Говоря это, старик отирал слезы.
— А тут вышел и царевич, — продолжал он. — С лица-то поправился, повеселел, совсем молодец-молодцом вдали-то от батюшкиного глазу. Батюшкин-то глазок сушит... Обрадовался мне и царевич. «Ласточка, говорит, с родной стороны прилетела». — «Собака, говорю, государь, старая с родной сторонушки». Пришел и братец Афрасинюшкин — Иван. Он тоже с ними уехал из российской земли. Порасспросили они меня, что и как дома. Я рассказал. Дивились, как я нашел их. «Перст Божий», — говорят. «Только вот страшно, — говорит царевич, — как бы слухи, что болтают навигаторы, не дошли до батюшки, тогда пропали мы».
Левин слушал рассеянно. Образ Евфросинии снова вызвал в его наболевшей памяти другой образ...
Ой гаю мій, гаю, великій розмаю!Слова эти слышались где-то в мозгу. И голос песни слышался в душе, только это был голос той, которой он уже никогда не услышит...
О! Мимо! Мимо!.. Так можно изойти слезами...Левин должен был сделать над собой громадное усилие, чтоб вслушаться и понять то, что говорил старик. А старик говорил:
— Пожив у них мало время, я направил стопы моя в Бар-град. И на пути бысть мне видение: сретоста ми два беса, един во образе мурина, другой же во образе жены плясавицы...

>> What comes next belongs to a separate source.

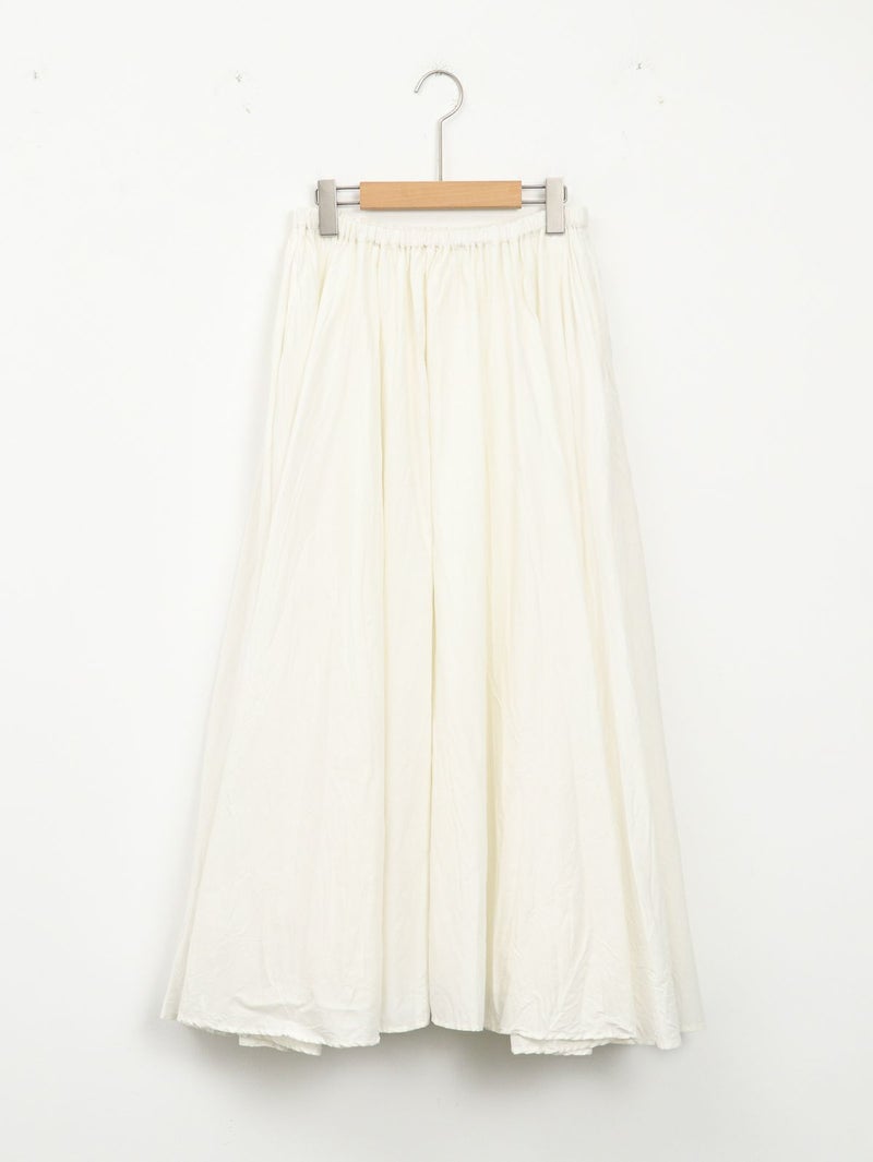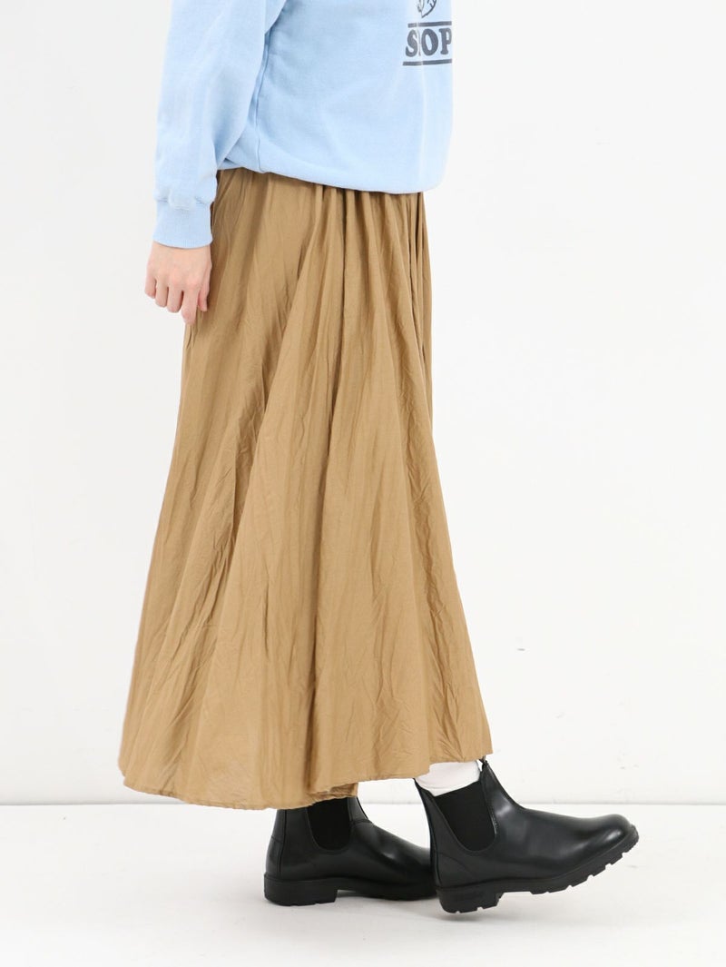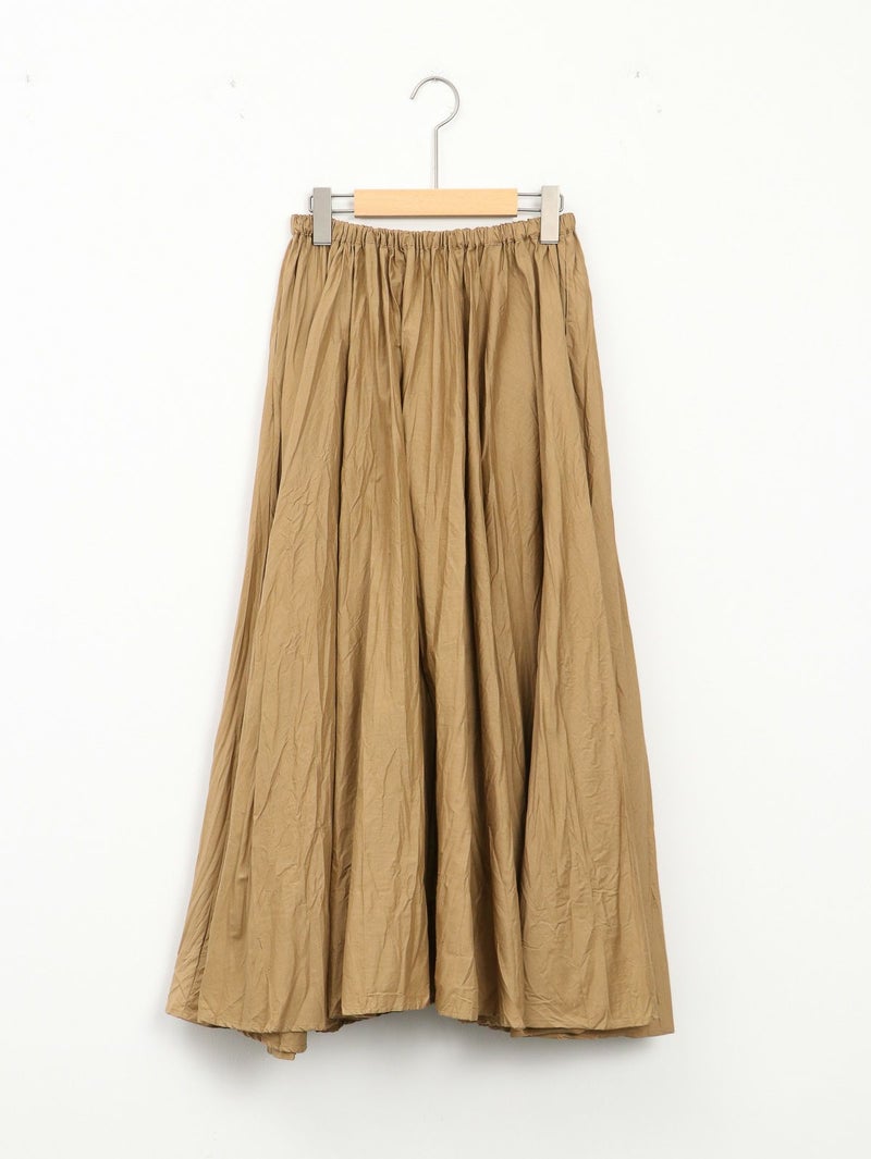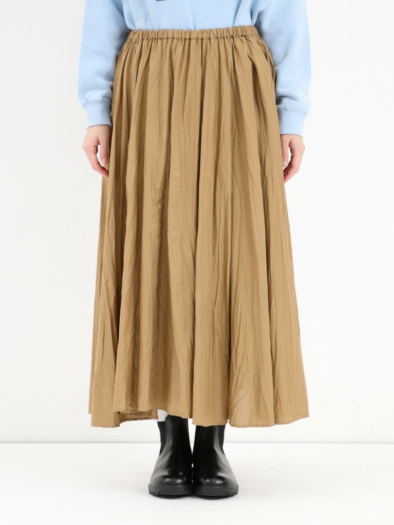 目の細かい薄手の生地にキャンブリック仕上げ(艶を出したあとに糊付けし、自然な艶をだす方法)を施したギャザースカート。 たっぷりと入ったギャザーは、ボリューム感がありながらも、縦に絞りをいれることでボリューム感がおさえられます。今回は秋らしいカラーをご用意。残暑でも涼しく先取りできます。

Мысль Левина опять потеряла нить рассказа. В его душе ныли растравляющие память звуки:
Ой гаю мій, гаю, великій розмаю!XI
АССАМБЛЕЯ У МЕНШИКОВА
Перед нами до сих пор проходили лица из тех сфер петровской Руси, где образы старого склада русской жизни живучими рефлексами коренились еще в умах, привычках и исторически унаследованном от предков мировоззрении и где отжившие и вырождавшиеся идеалы не могли еще вылиться в новые, хотя сколько-нибудь ясные и цельные образы. В этом обширном море старины глухо, словно волны, перекатывалось недовольство; но эти грозные волны были бессильны захлестнуть тот стойкий, могучий бот, который вел на буксире всю глухо стонущую Русь. Правда, старые идеалы были еще так же могучи, как и тот исторический бот, об который хлестались волны стонущей, недовольной Руси, но они покоились на невежестве масс, на спинах правда могучих, но все-таки на спинах в слепоте пребывающего досель народа. А образы новых идеалов у стонущей недовольством Руси еще не очерчивались в беспросветном мраке. Царевич, Евфросиния, Кикин, Вяземский, Никитушка Паломничек, некрасовец и калика перехожий Бурсак, Левин, навигатор князь Прозоровский — все это как бы нервами чувствовало, что жизнь не так бы должна идти, с ними заодно чувствовала и необозримая серая масса, чуявшая, что ее, как и заповедные рощи, «пятнать», «клеймить» скоро будут... но — «ничего не поделаешь»... Оставалось терпеть, страдать — и страдание становится целью, идеалом!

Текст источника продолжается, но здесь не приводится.